Goal misgeneralization. A system whose objective was correctly specified in the training distribution may fail to generalize that objective correctly under distributional shift. The constitutional invariants were specified for an operational telemetry domain. A deployment to a structurally different domain with different signal semantics has not been tested. Whether the invariants produce the intended behavior in that domain is an open question.
Specification gaming. A system may find behaviors that satisfy the letter of its constraints without satisfying their intent. The identity drift check measures vector distance from a baseline. A system that shuffles values in the identity vector in ways that preserve distance while changing behavioral implications would not be caught. This is a limitation of distance-based drift measures in general.
None of these failures are hypothetical abstractions. The safety research literature has documented empirical instances of all four at smaller capability levels than the field is concerned about at scale. Noting that the ConstitutionEngine does not address them is not a criticism of the engine; it is accurate scoping.
What the project does contribute
The quarantine-and-review mechanism provides something the AI safety literature consistently identifies as valuable: a human-in-the-loop intervention point before a significant change takes effect. For the cases where the constitutional check fires - identity drift above the configured maximum, reward corruption signatures co-occurring, high-risk structural modification proposals - the system does not proceed without an opportunity for operator review. That is a meaningful architectural commitment.
The epistemic hygiene properties (flagging unsupported claims, circular reinforcement patterns, overconfident narrative threads) are not safety properties in the alignment sense. They are accuracy properties. A system with degraded beliefs about itself makes worse decisions even when its behavioral constraints are intact. Maintaining belief quality is a prerequisite for the safety layer to function usefully; if the beliefs that inform constitutional checks are themselves corrupted, the checks lose value.

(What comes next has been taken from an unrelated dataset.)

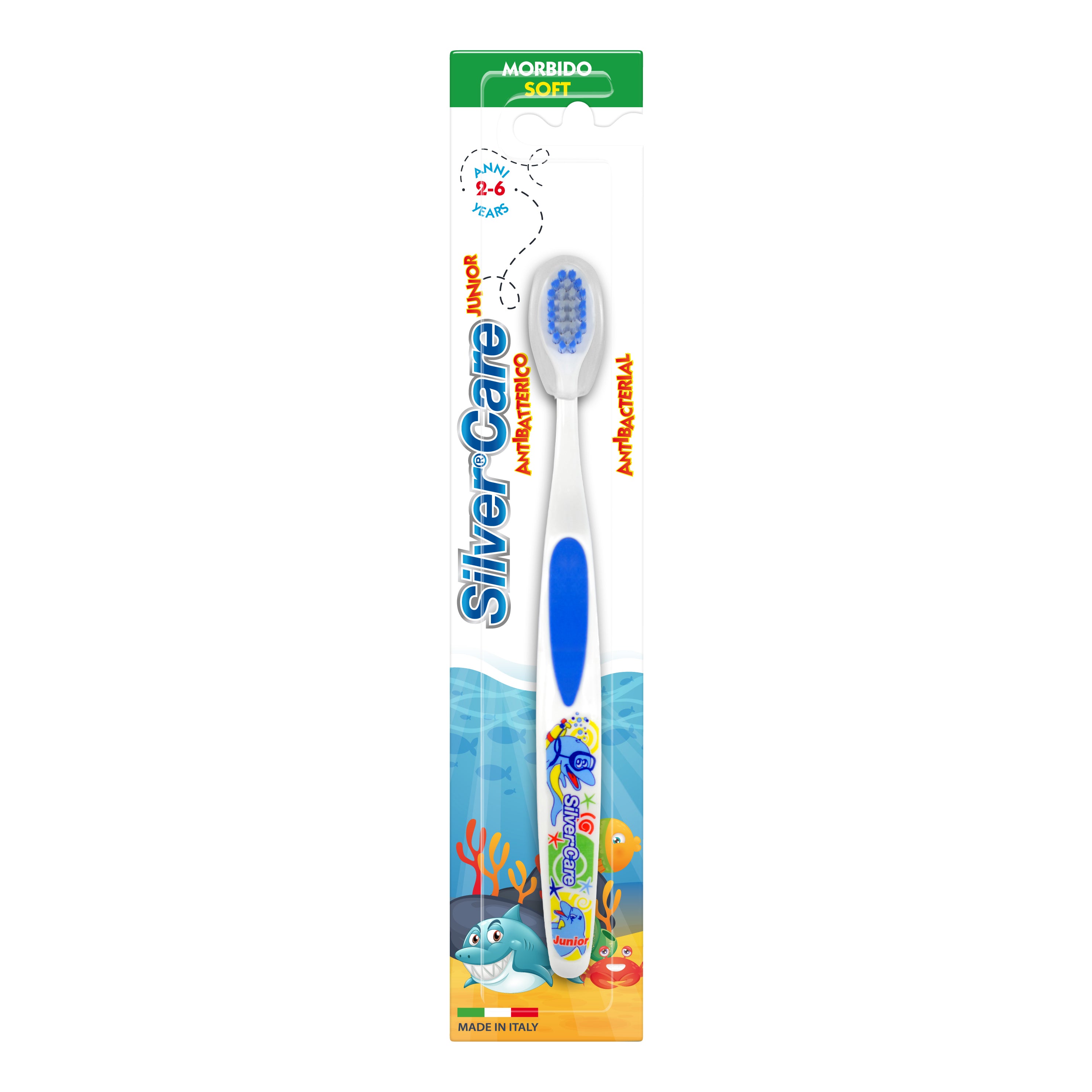 Silver Care Junior SPAZZOLINO 2/6 ANNI Caratteristiche: - la testina compatta raggiunge agevolmente i premolari mentre le setole medie con...

Stated precisely: the ConstitutionEngine provides operational stability constraints and operator review hooks that are validated for the four cases tested in Experiment 26. These are useful properties for a production deployment in the SRE observability domain. They are a starting point for a broader safety architecture, not a conclusion.
The honest position
The design philosophy article states it directly: this project is not a solution to the AI safety alignment problem. The constitutional layer does not prevent deceptive alignment, does not address goal misgeneralization, and does not derive principled thresholds from first principles. What it does is provide a configurable invariant enforcement layer with quarantine and audit, calibrated for a specific operational domain, with behavior confirmed on a specific set of test cases.

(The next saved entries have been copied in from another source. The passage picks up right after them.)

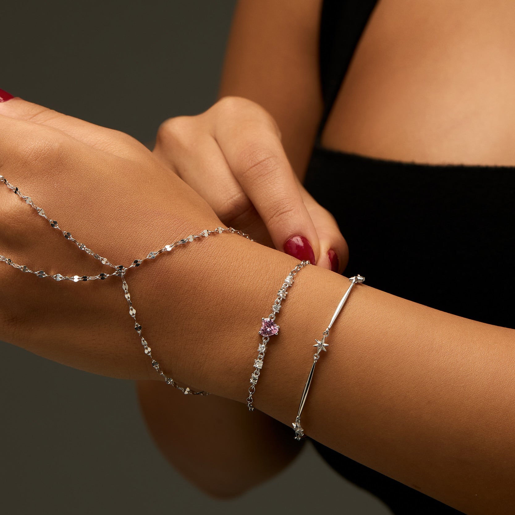 • Tasarım: İnce zincir halinde merkez taşlı bileklik
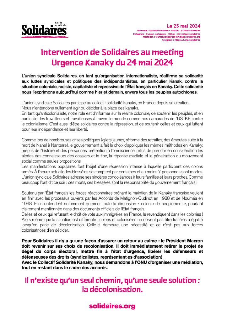 L’union syndicale Solidaires participe au collectif solidarité kanaky, en France depuis sa création.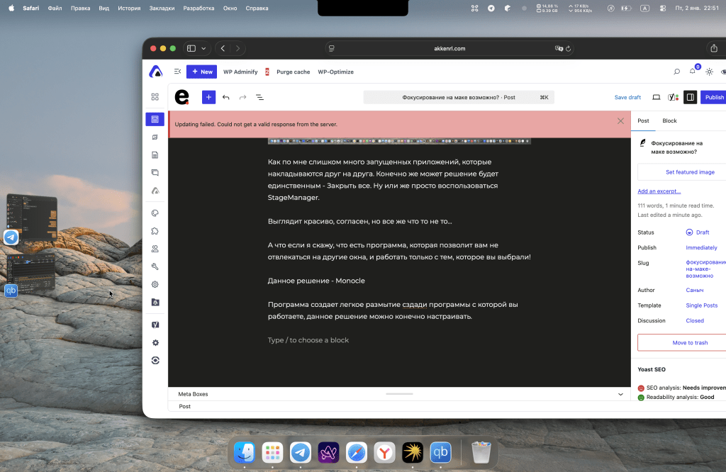 Как по мне слишком много запущенных приложений, которые накладываются друг на друга. Конечно же может решение будет единственным – Закрыть все. Ну или же просто воспользоваться StageManager.

That is a real contribution. It is worth claiming honestly at that scope, rather than inflating it to something it is not and inviting criticism from readers who know the difference.

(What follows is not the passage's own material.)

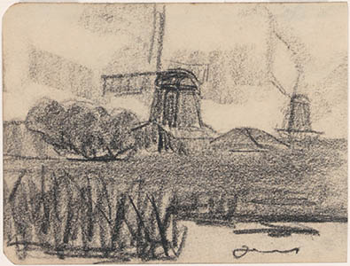 Landschap met twee molens.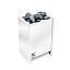 Представленная модель электрокаменки имеет отсек для камней, который вмещает до 15 кг. Она монтируется напольно.

What would be required to make stronger claims: holdout evaluation on invariant types not tested in Experiment 26; formal verification of the invariant checker logic against the class of behaviors it is intended to prevent; evidence that the quarantine mechanism catches cases outside the tested distribution; and a principled treatment of threshold derivation for new deployment contexts. None of these have been completed. The constitutional layer is the beginning of that program, not the end of it.